Однажды во дворе дома его остановили два офицера в фуражках с синими околышками, как у летчиков…, но он знал, что не летчики. Они долго поджидали его, потому что свежий снег был утоптан и усеян папиросными окурками.

— Она показывала тебе фотографии, мальчик, ваша соседка? — спросил один из них после короткого вступления про трудности послевоенного времени, бдительность и пионерскую сознательность…, и назвал невнятно имя и фамилию Машинистки.

— Да, — сказал Глеб, гордясь, боясь и презирая себя.

— А письма? — спросил другой.

И он опять сказал:

— Да, — готовый провалиться сквозь землю от стыда, понимая, что предает ее… и что не предавать не может… и, выждав, добавил: — И ордена старинные…

— Знаешь, где она хранит их…? Можешь принести?

— Могу! — отрапортовал он обрадованно, чувствуя себя Павликом Морозовым, с трудом удерживаясь, чтоб не поднести руку к голове в пионерском салюте, и бросился в дом, гордый доверием и ответственностью, и, достав из-под клеенки на кухне ключ, отпер дверь и вытащил фанерный чемодан…

Он развернул знакомую темно-красную бархатную ткань: большой тяжелый орден, то ли крест, то ли звезда с множеством лучей, и двуглавый орел посредине с Андреевским крестом на груди, с молниями и венками в лапах, а вокруг на голубом эмалевом фоне: «ЗА ВЂРУ И ВЂРНОСТЬ»…


Через несколько дней Машинистка исчезла. Утром Глеб стоял перед плотно закрытой дверью комнаты, заклеенной полоской бумаги в обычную школьную клетку с фиолетовой печатью посредине и непонимающе смотрел на мать…
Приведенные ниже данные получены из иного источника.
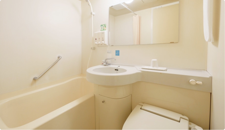 (ユニットバスを含む)定員 1名 ベッド W120cm × D200cm 設備 セミダブルベッド/テレビ/簡易冷蔵庫/シャワートイレ -

— Увезли ее ночью, — сухо сказала она, стоя у окна, теребя кольцо на пальце и странно кривя губы. — Немецкая шпионка, бля… Где они у нас немцы-то на обозном заводе? Где?! Скажи, Глеб! Скажи! Где немцы! — Мать кричала в голос, заламывая руки и требуя у него ответа, а потом разрыдалась, не стесняясь, и сразу успокоилась:

— Альбом с фотографиями оставила тебе…

C обыском к ним пришли вечером, спустя два дня, и молча, и неохотно рылись в ящиках, одежде и нескольких книгах на подоконнике, словно стыдясь чего-то, и он тоже испытывал жуткий стыд, будто опять был с ними заодно и участвовал в обыске…, теперь уже против родителей, и готовился сказать прямо сейчас, что альбом с фотографиями лежит в его школьном портфеле на столе, на виду…, и открыл рот…, но мать споро подошла, даже подбежала почти, почувствовав его готовность, и, положив руку на затылок, и посмотрев в глаза незнакомо пристально, сказала тревожно:

— Ступай на улицу, Глебушка! Погуляй чуток… Можно ведь, да? — и посмотрела, затравленно улыбаясь, на военных с синими погонами на строгих кителях…


Комната пустовала недолго: ее заняла пожилая толстая женщина, телефонистка, с редкими усами на верхней губе и огромным задам под всегда тонкими, летом и зимой, сатиновыми платьями, который колыхался при каждом ее движении, как безвкусное яблочное суфле, постоянно таскаемое отцом из офицерской столовки, якобы содержащее железо, так необходимое ребенку для роста…

— Выбрось заразу, милок, — сказала толстая телефонистка однажды, застав его на кухне с альбомом. — Буржуи-то вон как раньше жили: с жиру бесилися…, детей малых, как стариков одевали, накупали, что на глаз попадет и все мало… На что столько лошадей было? А простой народ прислуживал и терпел, и жил, как скотина, пока терпенье-то не кончилось… Дай мне фотки, снесу куда след… — Телефонистка перевела дыхание, колыхнув задом, и было заметно, что старые фотографии будоражат ее душу, не разум… Она подождала немного и протянула руку.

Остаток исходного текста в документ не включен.